On some chunky Sun server, mind you. Any more ideas?
Cheers
Lasse
|
|
|
|
Re: Lots of files [message #53054 is a reply to message #53053] |
Fri, 16 March 2007 13:07   |
Paul Van Delst[1]
Messages: 1157 Registered: April 2002
|
Senior Member |
|
|
David Fanning wrote:
> Lasse Clausen writes:
>
>> I would like to split the one file into 31. In fact, I would like to
>> open all 32 files, loop through the big file and put the data
>> according to the index into the small file.

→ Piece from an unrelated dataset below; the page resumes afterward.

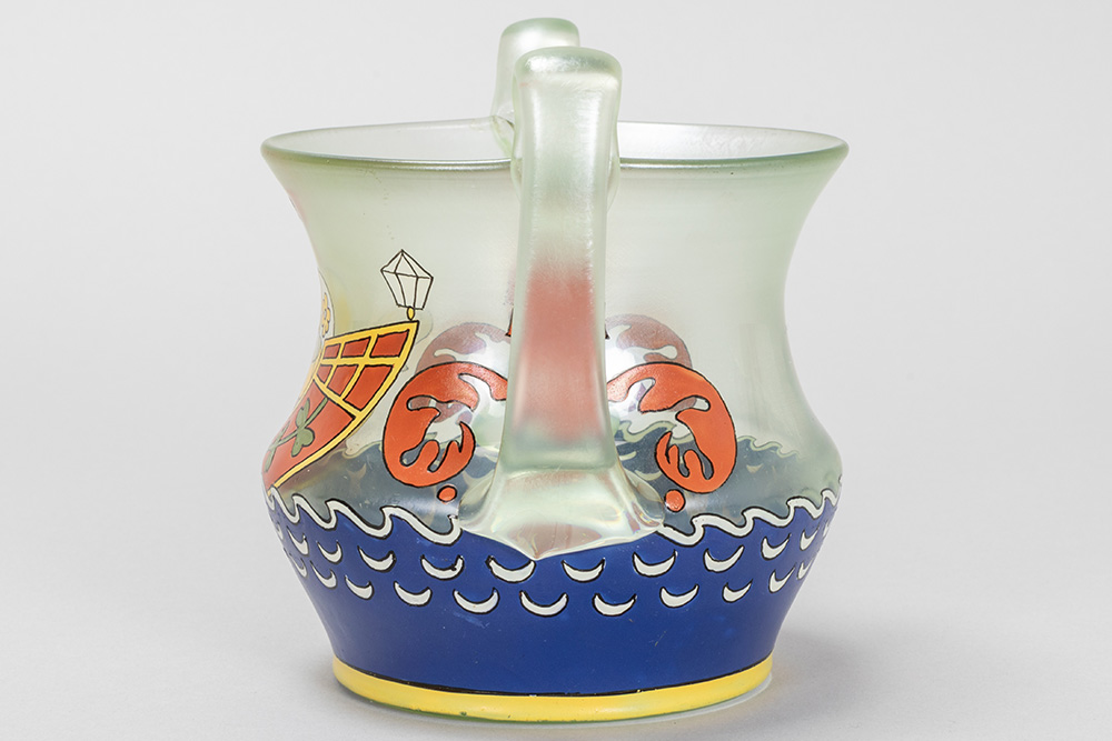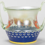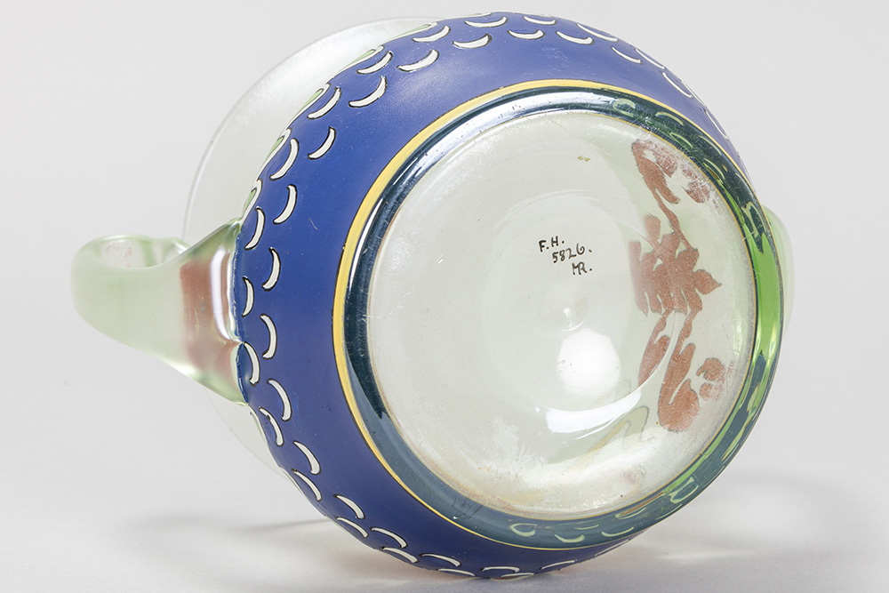 MAX RADE (1840 – 1917) voor FRITZ HECKERT museale ‘Goldcypern’ vaas in kristal met polychrome email – te dateren circa 1899 – hoogte :12,5 cm gemerkt ‘MR’ en ‘FH’ ref : gelijkaardige vaas in het Glasmuseum Passau, Duitsland

However, IDL only lets me
>> open 28 files at a time, right?
>> IDL Help for Get_lun says: The file unit number obtained is in the
>> range 100 to 128.
>> So I end up opening and closing the according small file during each
>> loop which works great, however it is excruciatingly slow due to all
>> the waiting for the hard disk.
>>
>> Ah, and the number of stations varies, sometimes its 21, sometimes 29,
>> most of the time 30, I never know what it is going to be. Therefore, I
>> can only use the point_lun procedure to skip from data to data
>> belonging to one station if I parse the stations first. Which I could
>> do, but maybe one of you has a better idea? Any thoughts?
>
> I would use the pool of LUNs from 1 to 99, rather than the
> pool IDL access with GET_LUN from 100 to 128.
>
> OPENW, 1, ...
> OPENW, 2, ...
> ...
> OPENW, 99, ...
I know you didn't intend to suggest hardwiring 99 different fileid's :o) so maybe what you
meant was something more like
nfiles = 31
fid_child = LINDGEN(nfiles)+1
fid_parent = nfiles+1
OPEN, fid_parent, fname_parent, .....
FOR i=0,nfiles-1 DO OPEN, fid_child[i], fname_child[i], ...
and then redistribute the parent file data into the child files as required.
?
cheersouzo,
paulv
--
Paul van Delst Ride lots.
CIMSS @ NOAA/NCEP/EMC Eddy Merckx
|
|
|
Re: Lots of files [message #53056 is a reply to message #53054] |
Fri, 16 March 2007 13:53   |
David Fanning
Messages: 11724 Registered: August 2001
|
Senior Member |
|
|
Lasse Clausen writes:
> I would like to split the one file into 31. In fact, I would like to
> open all 32 files, loop through the big file and put the data
> according to the index into the small file. However, IDL only lets me
> open 28 files at a time, right?
> IDL Help for Get_lun says: The file unit number obtained is in the
> range 100 to 128.
> So I end up opening and closing the according small file during each
> loop which works great, however it is excruciatingly slow due to all
> the waiting for the hard disk.
>
> Ah, and the number of stations varies, sometimes its 21, sometimes 29,
> most of the time 30, I never know what it is going to be. Therefore, I
> can only use the point_lun procedure to skip from data to data
> belonging to one station if I parse the stations first. Which I could
> do, but maybe one of you has a better idea? Any thoughts?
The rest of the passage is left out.